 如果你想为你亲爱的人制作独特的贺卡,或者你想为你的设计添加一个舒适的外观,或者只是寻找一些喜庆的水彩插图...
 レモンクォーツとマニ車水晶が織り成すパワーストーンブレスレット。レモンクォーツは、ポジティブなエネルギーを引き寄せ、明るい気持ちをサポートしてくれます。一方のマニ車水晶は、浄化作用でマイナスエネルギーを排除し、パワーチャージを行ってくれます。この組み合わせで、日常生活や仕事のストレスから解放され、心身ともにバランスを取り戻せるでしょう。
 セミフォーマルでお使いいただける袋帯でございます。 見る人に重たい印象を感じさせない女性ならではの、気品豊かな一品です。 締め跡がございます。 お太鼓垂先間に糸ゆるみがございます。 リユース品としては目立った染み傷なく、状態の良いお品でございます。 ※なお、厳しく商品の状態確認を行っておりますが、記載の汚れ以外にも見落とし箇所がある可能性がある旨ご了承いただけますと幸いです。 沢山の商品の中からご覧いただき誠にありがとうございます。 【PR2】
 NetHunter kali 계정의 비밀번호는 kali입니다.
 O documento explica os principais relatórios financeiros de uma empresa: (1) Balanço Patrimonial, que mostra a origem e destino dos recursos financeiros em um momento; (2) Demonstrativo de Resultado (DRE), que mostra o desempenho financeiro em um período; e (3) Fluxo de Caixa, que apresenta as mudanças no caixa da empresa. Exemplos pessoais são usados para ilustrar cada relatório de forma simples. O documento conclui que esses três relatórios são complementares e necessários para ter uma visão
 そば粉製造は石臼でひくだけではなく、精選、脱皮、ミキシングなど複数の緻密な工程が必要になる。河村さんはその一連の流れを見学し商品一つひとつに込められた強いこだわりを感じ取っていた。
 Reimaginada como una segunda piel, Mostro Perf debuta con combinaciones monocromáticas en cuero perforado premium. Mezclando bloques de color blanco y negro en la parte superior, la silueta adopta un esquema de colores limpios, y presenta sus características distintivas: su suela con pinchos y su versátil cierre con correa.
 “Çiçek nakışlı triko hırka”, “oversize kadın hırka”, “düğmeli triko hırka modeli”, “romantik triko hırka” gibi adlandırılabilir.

-=-=-

Return the whole listing exactly.

 如果你想为你亲爱的人制作独特的贺卡,或者你想为你的设计添加一个舒适的外观,或者只是寻找一些喜庆的水彩插图...
 レモンクォーツとマニ車水晶が織り成すパワーストーンブレスレット。レモンクォーツは、ポジティブなエネルギーを引き寄せ、明るい気持ちをサポートしてくれます。一方のマニ車水晶は、浄化作用でマイナスエネルギーを排除し、パワーチャージを行ってくれます。この組み合わせで、日常生活や仕事のストレスから解放され、心身ともにバランスを取り戻せるでしょう。
 セミフォーマルでお使いいただける袋帯でございます。 見る人に重たい印象を感じさせない女性ならではの、気品豊かな一品です。 締め跡がございます。 お太鼓垂先間に糸ゆるみがございます。 リユース品としては目立った染み傷なく、状態の良いお品でございます。 ※なお、厳しく商品の状態確認を行っておりますが、記載の汚れ以外にも見落とし箇所がある可能性がある旨ご了承いただけますと幸いです。 沢山の商品の中からご覧いただき誠にありがとうございます。 【PR2】
 NetHunter kali 계정의 비밀번호는 kali입니다.
 O documento explica os principais relatórios financeiros de uma empresa: (1) Balanço Patrimonial, que mostra a origem e destino dos recursos financeiros em um momento; (2) Demonstrativo de Resultado (DRE), que mostra o desempenho financeiro em um período; e (3) Fluxo de Caixa, que apresenta as mudanças no caixa da empresa. Exemplos pessoais são usados para ilustrar cada relatório de forma simples. O documento conclui que esses três relatórios são complementares e necessários para ter uma visão
 そば粉製造は石臼でひくだけではなく、精選、脱皮、ミキシングなど複数の緻密な工程が必要になる。河村さんはその一連の流れを見学し商品一つひとつに込められた強いこだわりを感じ取っていた。
 Reimaginada como una segunda piel, Mostro Perf debuta con combinaciones monocromáticas en cuero perforado premium. Mezclando bloques de color blanco y negro en la parte superior, la silueta adopta un esquema de colores limpios, y presenta sus características distintivas: su suela con pinchos y su versátil cierre con correa.
 “Çiçek nakışlı triko hırka”, “oversize kadın hırka”, “düğmeli triko hırka modeli”, “romantik triko hırka” gibi adlandırılabilir.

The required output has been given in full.